May 25, 2013 | 05:50 PM (BD Time)
25 May, 2013 Saturday
“Women’s diseases” men can get too
It's hard to escape the flagrant gender labeling in our society. Dolls and the color pink are associated with girls, while guys are assigned GI Joes and the "manly" color blue. And the trend doesn't stop at childhood, either. Even the medical industry tends to ascribe certain diseases to men or women, even when both sexes run the risk of developing them. Recently, there's been a successful campaign push to educate women about the dangers of heart disease, a condition previously associated with men only. By the same token, there are quite a few health problems facing guys that warrant attention. Men may be less likely to get these diseases than women are, but that doesn't mean the danger-and the need for preventative measures-isn't there.
All of us are born with breast tissue. Women tend to have more of it, thanks to hormones, which is one reason why their breast cancer rates are higher. But men are at risk, too. In 2009, the American Cancer Society determined that 1,910 men would be diagnosed and 440 would die from invasive breast cancer. The potential causes are similar between men and women-excessive alcohol consumption, obesity, high estrogen levels (in men, this could be the result of Klinefelter's syndrome or cirrhosis), genetic predisposition, and so on.

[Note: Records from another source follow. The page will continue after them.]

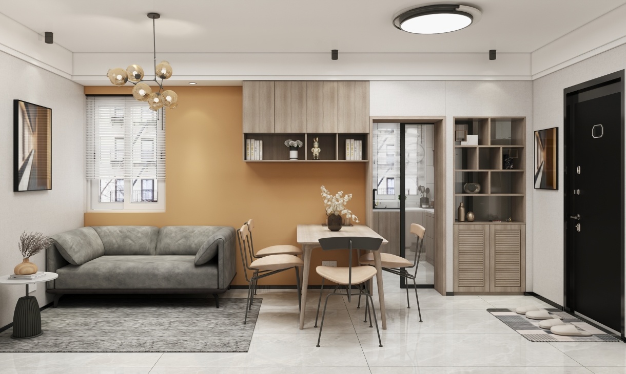 小技巧:最典型的客廳與餐廳空間,小戶型可以設計成客餐廳一體化,去掉隔斷,沙發背后設計成卡座餐椅,既節空間又美觀。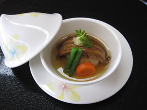 - ③器に180度の油で揚げた里芋饅頭を盛り煮穴子を饅頭の天に被せあしらいを付け完成です。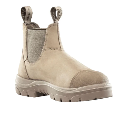 STEELBLUE Hobart Sand Scuff S3 premium safety boots boast a robust sand-colored leather upper that ensures superior abrasion resistance.

Breast cancer is most common among men aged sixty to seventy.
Doctors used to believe that men were less likely than women to survive breast cancer, but their survival rates are about the same. The National Cancer Institute thinks the mistaken belief was due to men's not being screened for the disease earlier in life (as women are with mammograms), which means their diagnoses often happen at later, and more terminal, cancer stages.
Look at any advertisement for calcium supplements or osteoporosis treatment, and it's obvious who's being targeted-namely, not men. While it's true that women are more prone to weakened bones, the National Osteoporosis Foundation estimates that two million men have it currently, while twelve million more are at risk. Women have smaller frames, which give them less to work with as calcium depletion rises with age. But while women are often tested for bone density around menopause because their hormonal changes make bones more fragile, men aren't until something major happens, like a fracture.
Men die more from hip fractures than women (31 percent, compared with 17 percent), partly because their fractures tend to happen later in life, and partly because the disease progresses unchecked so for long, severely damaging their frames. According to the National Institute of Arthritis and Musculoskeletal and Skin Diseases, 6 percent of men will have hip fractures by age fifty. Age isn't the only trigger, though. Lifestyle habits like smoking, drinking too much alcohol, and getting little to no exercise, as well as certain medications (for example, those that contain steroids, like asthma medication), ethnicity, and family history, are all possible risk factors.
3. Bladder Infections
About 20 percent of women will get at least one bladder infection at some point, while men's chances start out lower and increase with age. While women's shorter urethras might be the reason they get infections more often (less distance for bacteria to travel), the fact that men's prostates get bigger as they age is a common culprit. Anything that blocks urine flow and therefore keeps bacteria inside to multiply, rather than flushing them out-including enlarged prostates, kidney stones, and narrowed urethras-can lead to an infection. Symptoms of bladder infections are about the same for men and women but vary individually-frequent need to pee, pelvic pain, lower-back pain, blood in urine, and a burning feeling.
4. Thyroid Problems
Within our throats lie thyroid glands that produce hormones essential for normal metabolic and organ functions. As time goes on, nodules can grow on these glands and potentially affect hormone production, triggering either too little (hypothyroidism, the most common kind) or too much (hyperthyroidism); about 10 percent of them are cancerous. Only 5 percent of men in the United States experience these conditions, compared with 10 percent of women, but the consequences-weight gain, lethargy, and depression for hypothyroidism, versus rapid weight loss, rapid heartbeat, and increased anxiety for hyperthyroidism-are equally scary.
If you have an autoimmune disorder, you're more likely to have thyroid problems. People over sixty, diabetes or rheumatoid arthritis sufferers, and those with a family history of these issues are also higher-risk.
As a whole, women are treated for depression more often than men are, but does that mean they're more depressed, or that they're more targeted for treatment? What we think of as common symptoms, like overwhelming sadness, aren't always experienced across genders. Depressed men tend to show anger and frustration, get easily fatigued and discouraged, try to escape their problems (either by focusing too much on work or by developing dangerous drug and/or alcohol habits), and experience more physical pain than usual. They're less likely than women to seek help, perhaps because there's more social pressure on them to be stronger, both emotionally and physically.
However, by giving in to societal expectations, countless seriously depressed men are going undiagnosed. The Mayo Clinic's Web site states that women attempt suicide more, but more men die from suicide attempts overall.